“Does it hurt when you get shot?” asks Edward Walter Furlong, looking at a leather jacket with bullet holes. “I sense injuries, the data could be called pain,” answers Arnold Schwarzenegger. The telling lines from the Sci-fi blockbuster, Terminator 2: Judgement Day, anticipates ‘machines with a mind’.
Pain is relative–and whether or not it makes sense to hardwire machines to become sentient is a moot point.
Dr Ben Seymour from Cambridge University says, “Pain is the pinnacle of consciousness, of course not a pleasant one.” The university has released a short documentary, “Pain in Machine” to explore the concept further.
Coding robots with ‘human feelings’ has wider applications. Such bots can help people on the spectrum develop social skills. Social bots are available to help veterans cope with PTSD (Post-traumatic stress disorder), and as a companion to geriatrics.

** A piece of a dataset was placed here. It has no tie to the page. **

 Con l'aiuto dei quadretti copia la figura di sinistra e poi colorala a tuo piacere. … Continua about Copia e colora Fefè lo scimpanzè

In Japan, a lot of people lean on robots to keep the depression at bay.
Dr Nikhil Agarwal, CEO – IIT Kanpur (FIRST, AIIDE and C3i Hub), says the definition of pain is not the same for humans and machines. “In a machine, pain is related to the activity of the machine, for example: if there is hardware and it is being used for a long time, which results in its wear and tear and requires replacement. In terms of software, if there is a bug in the programme, a virus, or a malicious code, this causes pain that needs to be cured.”
The human-like appearances of robots can put us off. The concept is called Uncanny Valley.

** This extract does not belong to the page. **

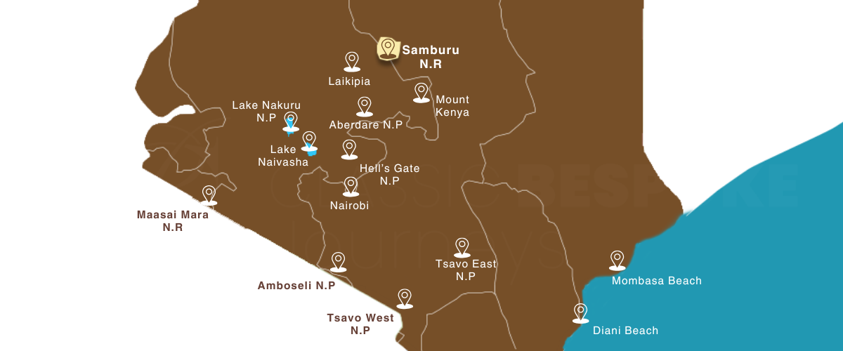 Samburu National Reserve is located in Northern Kenya, along the Ewaso Ng’iro River. It covers about 165 square kilometres and borders Buffalo Springs and Shaba National Reserves. It’s well-known for the “Samburu Special Five” animals, which include the Grevy’s zebra, Somali ostrich, reticulated giraffe, gerenuk, and Beisa oryx.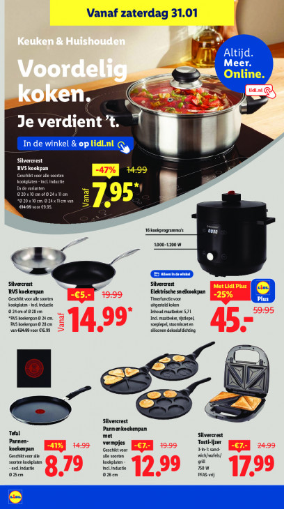 Deze tekst wordt automatisch gegenereerd, dus deze kan fouten bevatten.| Vanaf zaterdag 31.01 2% A 2 a Alt 1] Meer Online. 22 = - = on [@; EN ZI DE CAT 0,1 EE 1 I de winkel & oplidl.nl SO‘ DICH RVS kookpan Geschikt voor alle soorten [17% BE kookplaten -incl. inductie In de varianten 9 20 x 10 cm of © 24 x T1 cm 20 x 10 cm. © 24 x 11cm van CHA Pe URL 16 kookprogramma's, 0030 1000-1200 W Silvercrest Silvercrest RVS koekenpan Elektrische snelkookpan Geschikt voor alle soorten Timerfunctie voor Plus kookplaten - incl inductie uitgesteld koken 9 24cm of 928 cm Inhoud maatbeker: 5,7 L *RVS koekenpan © 24 cm. Incl. maatbeker, röstlepel, RVS koekenpan © 28 cm soeplepel, stoominzeten van €24-99 voor €16.99 siliconen dekselafdichting = |: ) N 7 NN Ex Silvercrest Tefal Pannenkoekenpan met Silvercrest Pannen- vormpjes Tosti-ijzer 3-in-1: sand- koekenpan Geschikt voor Geschikt voor alle alle soorten wich/wafels/ soorten kookplaten kookplaten - grill - exel.inductie incl. inductie 750 W 925cm 926 cm PFAS-vrij

“Do machines feel pain?” is a very philosophical question, says Anuj Gupta, Head of AI, Vahan. “Some robots react when hit. Does it mean they ‘feel’ pain – no. Their reaction is a combination of sensors and software. It is like a toy that reacts to one’s hand gestures. Currently, machines can’t feel anything. They can be programmed to trick humans by simulating human emotions, including pain.”
Few years ago, scientists from Nanyang Technological University, Singapore, developed ‘mini-brains’ to help robots recognise pain and activate self-repair.
The approach embeds AI into the sensor nodes, connected to multiple small, less-powerful processing units that act like ‘mini-brains’ on the robotic skin. Then, combining the system with self-healing ion gel material, robots, when damaged, can recover their mechanical functions without human intervention.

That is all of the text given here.